What you should do:
Your output should be the lines below from the one holding "三文鱼肉的鲜美滋味无人不知,可你是否知道" through the one holding "table & chairs.", transcribed exactly, with no pictures.
══ The data ══
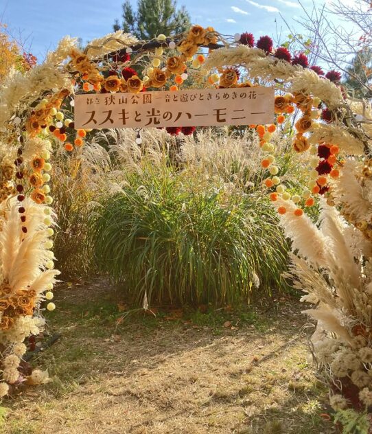 ロバの音楽座のプロデュースによる「花と光のムーブメント 狭山公園 音と遊びときらめきの花 ススキと光のハーモニー」は24日(月・祝)まで。土・日・祝 11:00~19:00 ※パフォーマンスあり。金16:30~19:00※ライトアップのみ。演者・出演団体は、HPで確認を。(稲葉洋子)
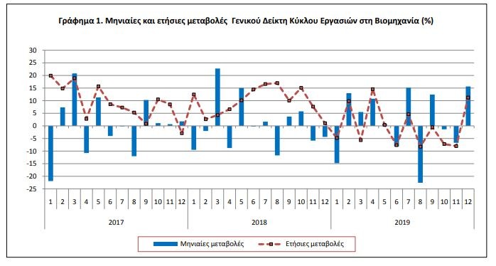 Παράλληλα, ο Γενικός Δείκτης Κύκλου Εργασιών στη Βιομηχανία του μηνός Δεκεμβρίου 2019, σε σύγκριση με τον αντίστοιχο δείκτη του Νοεμβρίου 2019, παρουσίασε άνοδο 15,7%.
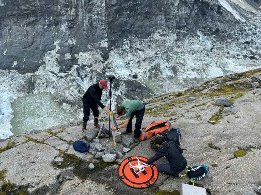 Hydrologist Ed Neal of Alaska Hydroscience sat watching the drone from a boulder, facing the roughed-up surface of the glacier.
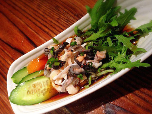 三文鱼肉的鲜美滋味无人不知,可你是否知道三文鱼皮也能做成一道美味佳肴。Kuta’s kitchen特别推出口感爽滑清新的三文鱼皮冷盘,以三文鱼佐新鲜三文鱼皮,切成丝之后以特调汁水温熟,最后淋上主厨特调口味酸甜开胃的冰镇汁水,配上水菜保证让用过的人胃口大开。这道创意横生的菜肴更是堪称夏天的开胃之王,不妨一试哦!
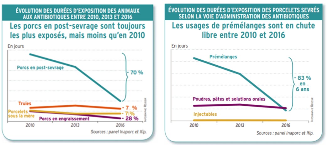 - Hémonic A., Poissonnet A., Chauvin C., Corrégé I., 2019. Evolution des usages d’antibiotiques dans les élevages de porcs en France entre 2010 et 2016 au travers des panels INAPORC. In: Journées de la recherche porcine, 51, 277-282. http://www.journees-recherche-porcine.com/texte/2019/santeanimale/s06.pdf
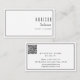 C'est Professional Elegant Moderne Noir & Blanc Simple Carte de visite Personnalisable. Nom de script moderne chic minimaliste avec ton design de bordure sur couleur éditable arrière - plan blanc, personnalisez votre propre nom et titre de travail, informations d'affaires et code QR optionnel sur le dos, simple et élégant, grand carte de visite de luxe professionnel.Il est idéal pour les agents immobiliers, avocats, courtiers, comptables, revendeurs, avocats et professionnels d'entreprise.
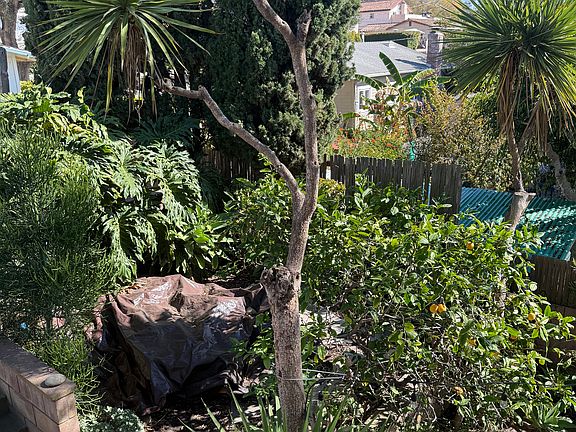 ~ Backyard garden terrace with space for outdoor table & chairs.
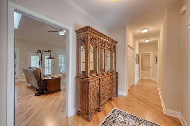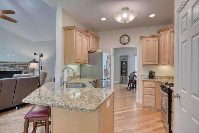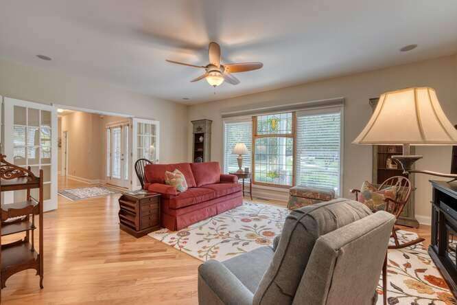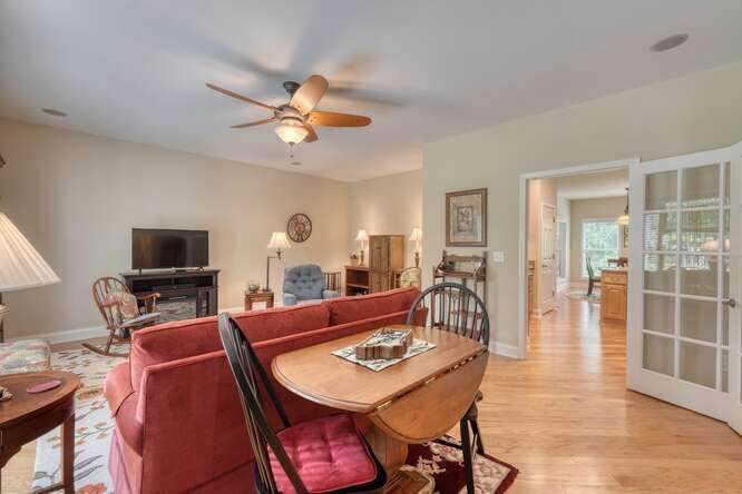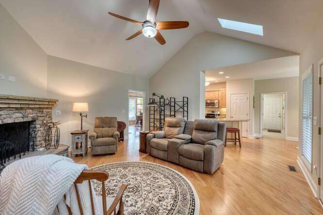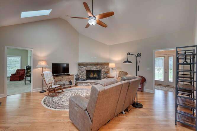 Wow! Check out this immaculate home in the sought after community of Owen Glen. This pristine home boasts one level living with 3 BR/2 Bath and an open floor plan. There are 2 spacious living room areas for your enjoyment and entertaining. Vaulted ceilings with skylights and windows galore let in the magnificent sunlight. The two upgraded enclosed porch areas provide wonderful spaces for your relaxation. There is a large primary suite with huge walk-in closet and beautiful ensuite bathroom with an extra-large glass block walk-in shower. The kitchen is open to one of the living areas and has granite counter tops and updated appliances. Two additional bedrooms and a full bath compliment this floor plan for guests or extended family. Large laundry room is located off the kitchen, also with an entrance from the oversized garage. This residence also comes complete with whole house generator. You will love the beautiful 1.56-acre lot with a creek and manicured landscaping. Additional amenities include golf course, swimming pool, tennis/pickleball courts and a gorgeous clubhouse. This home is a JEWEL...don't miss this one.
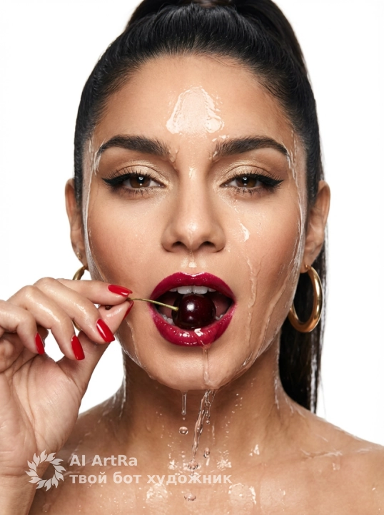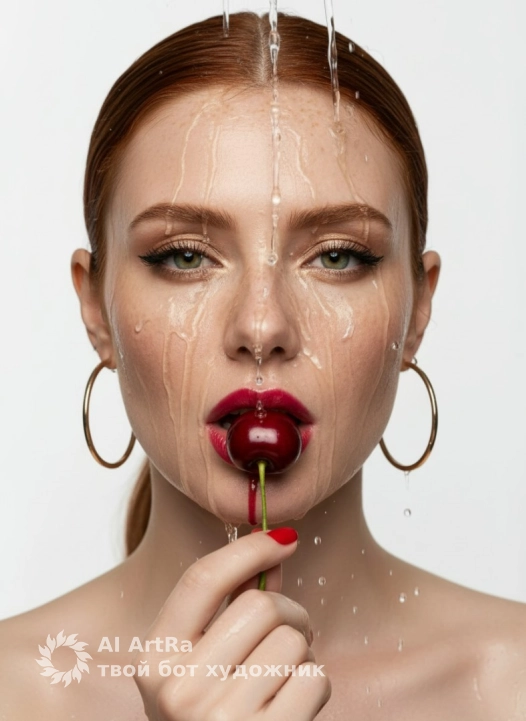 Гиперреалистичный бьюти-портрет крупным планом. девушка с смотрит в камеру, чувственно кусает спелую вишню, которую держит за веточку. В кадре только лицо С ягоды по губам стекает прозрачная капля сока. Макияж: глянцевая рубиново-красная помада на пухлых губах, сияющие золотисто-бежевые тени, четкие черные стрелки и длинные ресницы. Короткие квадратные ногти с ярко-красным маникюром.
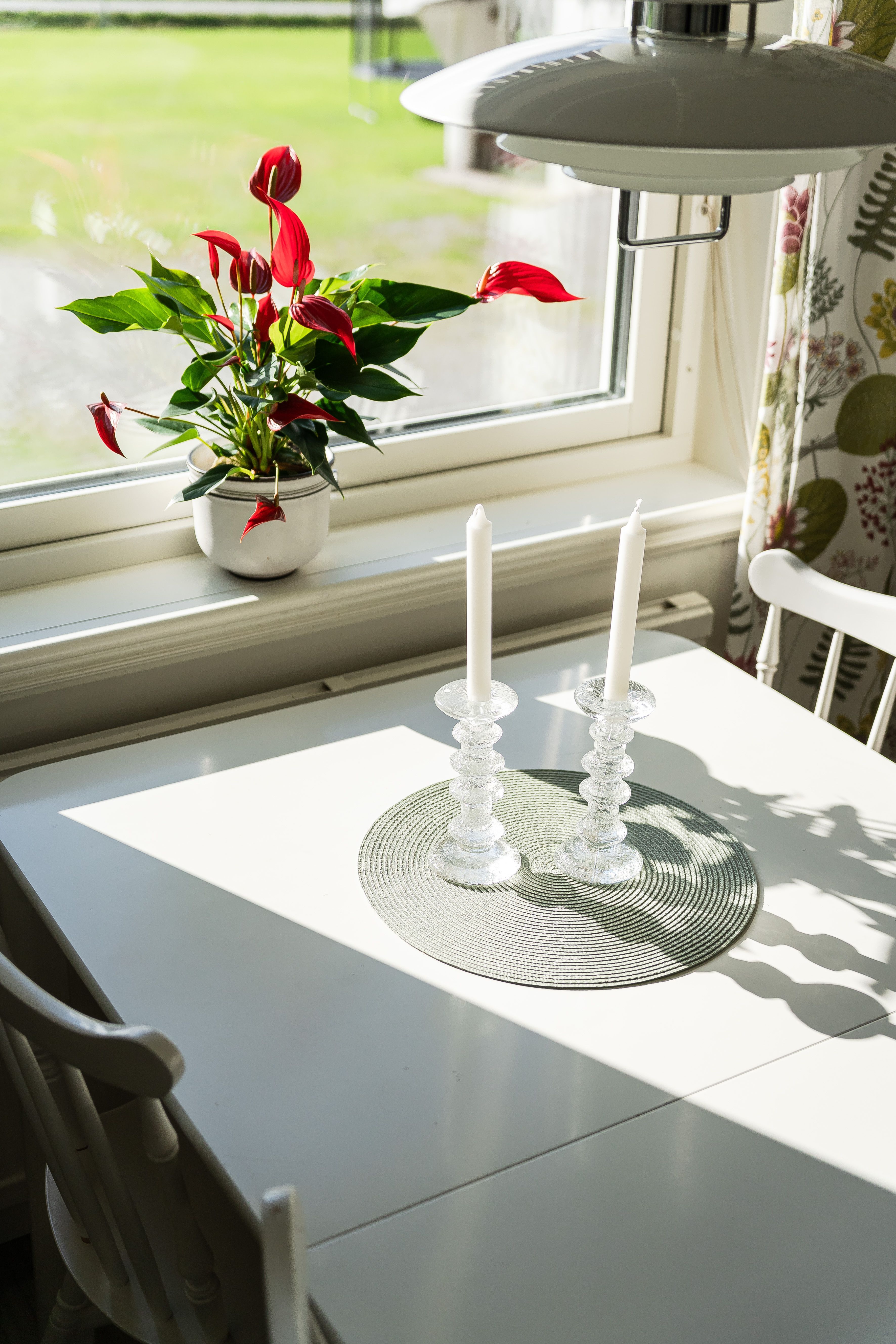 Gillestuga med målat golv, vita panelväggar samt vitt trätak.
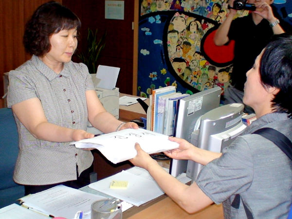 | ▲ 한국시각장애인여성연합회 전인옥 상임이사가 진정서를 인권위에 접수시키고 있다 ⓒ전진호 기자 | ||
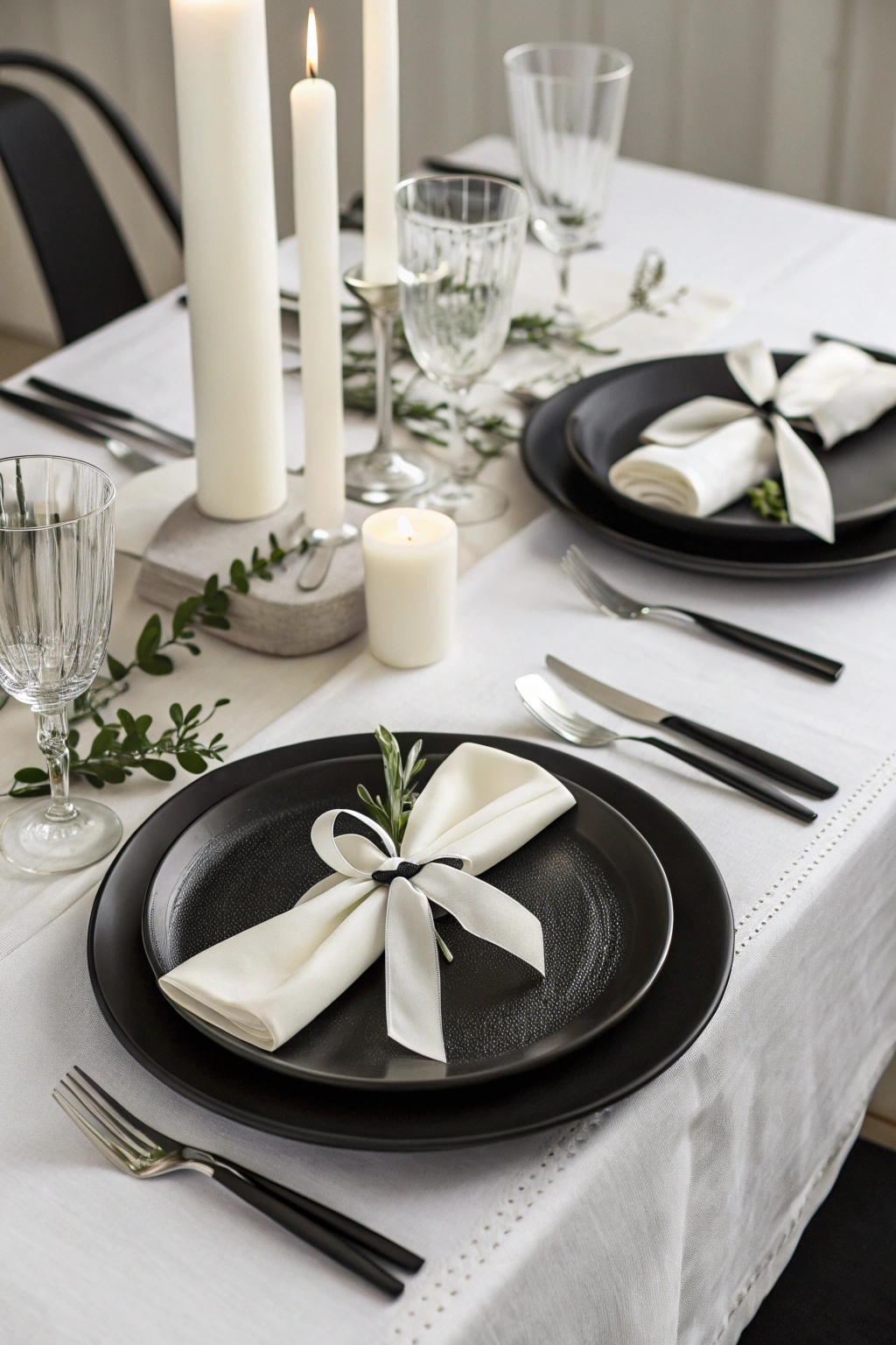Black napkins tied with white ribbons add a refined touch, while white candles in black holders and a simple monochrome centerpiece complete the ensemble.
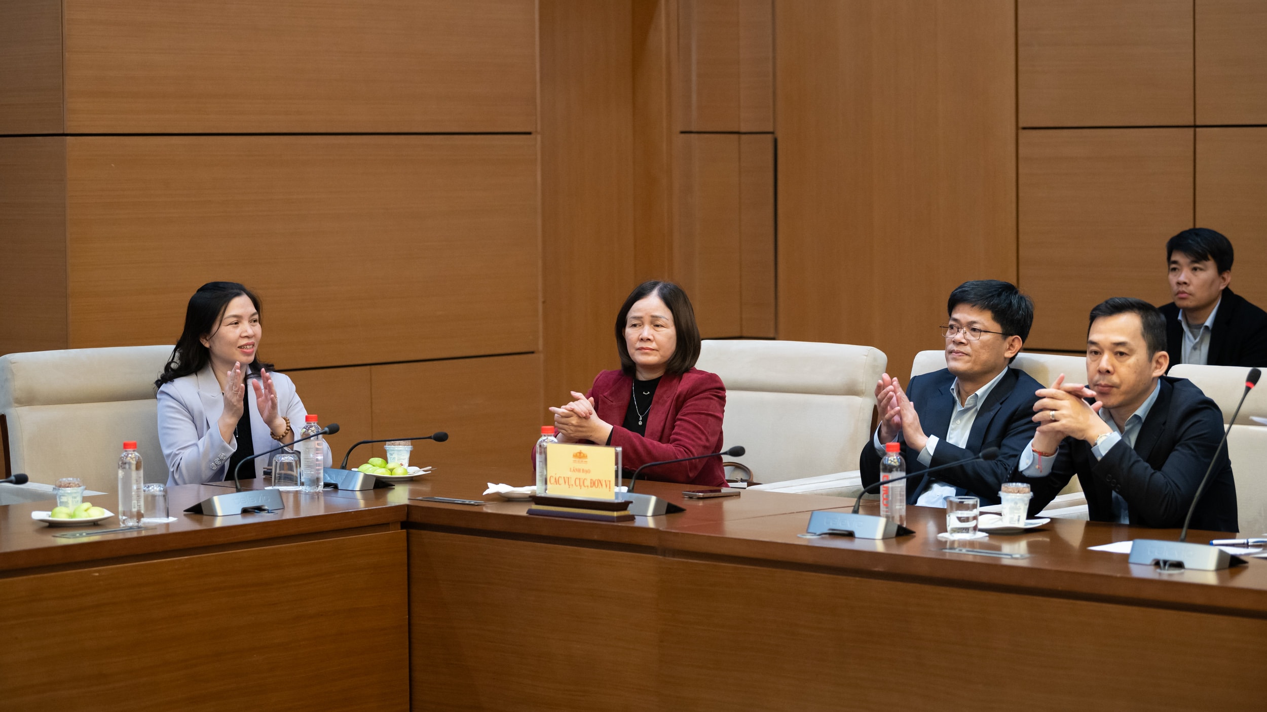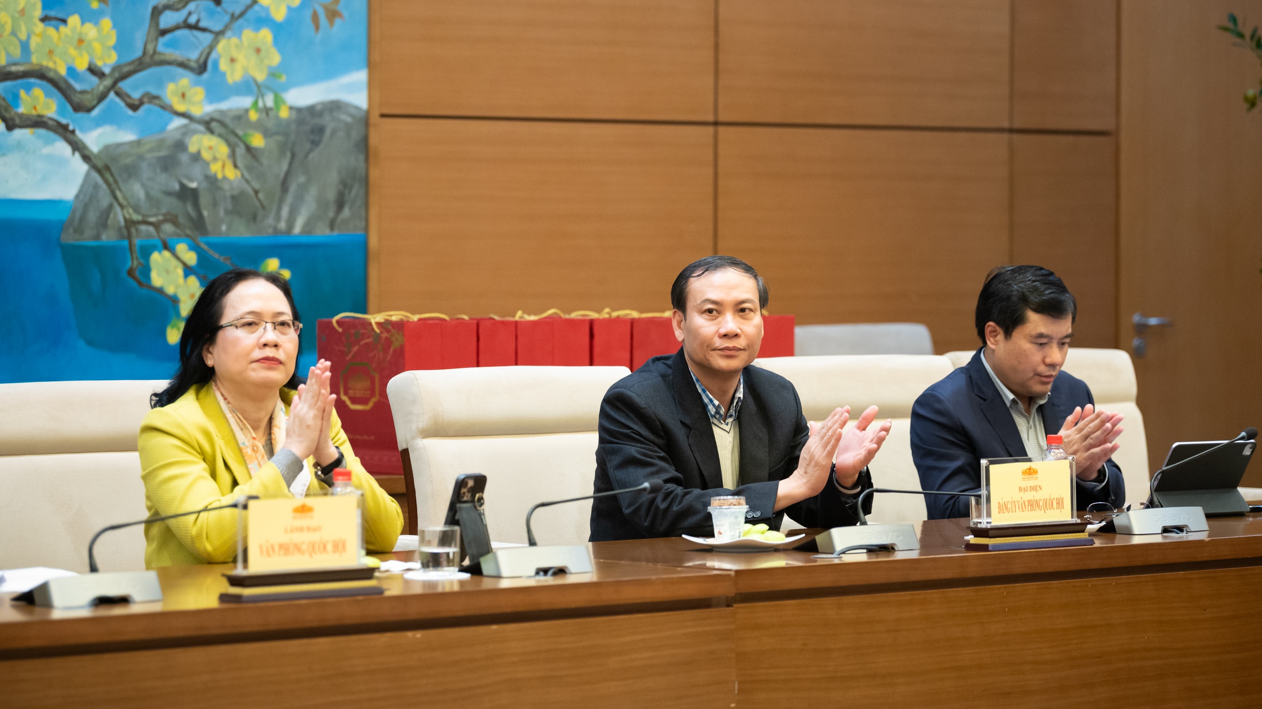 Tổng Thư ký Quốc hội, Chủ nhiệm Văn phòng Quốc hội Lê Quang Mạnh; các Phó Chủ nhiệm Văn phòng Quốc hội Phạm Đình Toản và Lê Thu Hà tham dự cuộc gặp mặt
═══
Answer to this task:
 三文鱼肉的鲜美滋味无人不知,可你是否知道三文鱼皮也能做成一道美味佳肴。Kuta’s kitchen特别推出口感爽滑清新的三文鱼皮冷盘,以三文鱼佐新鲜三文鱼皮,切成丝之后以特调汁水温熟,最后淋上主厨特调口味酸甜开胃的冰镇汁水,配上水菜保证让用过的人胃口大开。这道创意横生的菜肴更是堪称夏天的开胃之王,不妨一试哦!
 - Hémonic A., Poissonnet A., Chauvin C., Corrégé I., 2019. Evolution des usages d’antibiotiques dans les élevages de porcs en France entre 2010 et 2016 au travers des panels INAPORC. In: Journées de la recherche porcine, 51, 277-282. http://www.journees-recherche-porcine.com/texte/2019/santeanimale/s06.pdf
 C'est Professional Elegant Moderne Noir & Blanc Simple Carte de visite Personnalisable. Nom de script moderne chic minimaliste avec ton design de bordure sur couleur éditable arrière - plan blanc, personnalisez votre propre nom et titre de travail, informations d'affaires et code QR optionnel sur le dos, simple et élégant, grand carte de visite de luxe professionnel.Il est idéal pour les agents immobiliers, avocats, courtiers, comptables, revendeurs, avocats et professionnels d'entreprise.
 ~ Backyard garden terrace with space for outdoor table & chairs.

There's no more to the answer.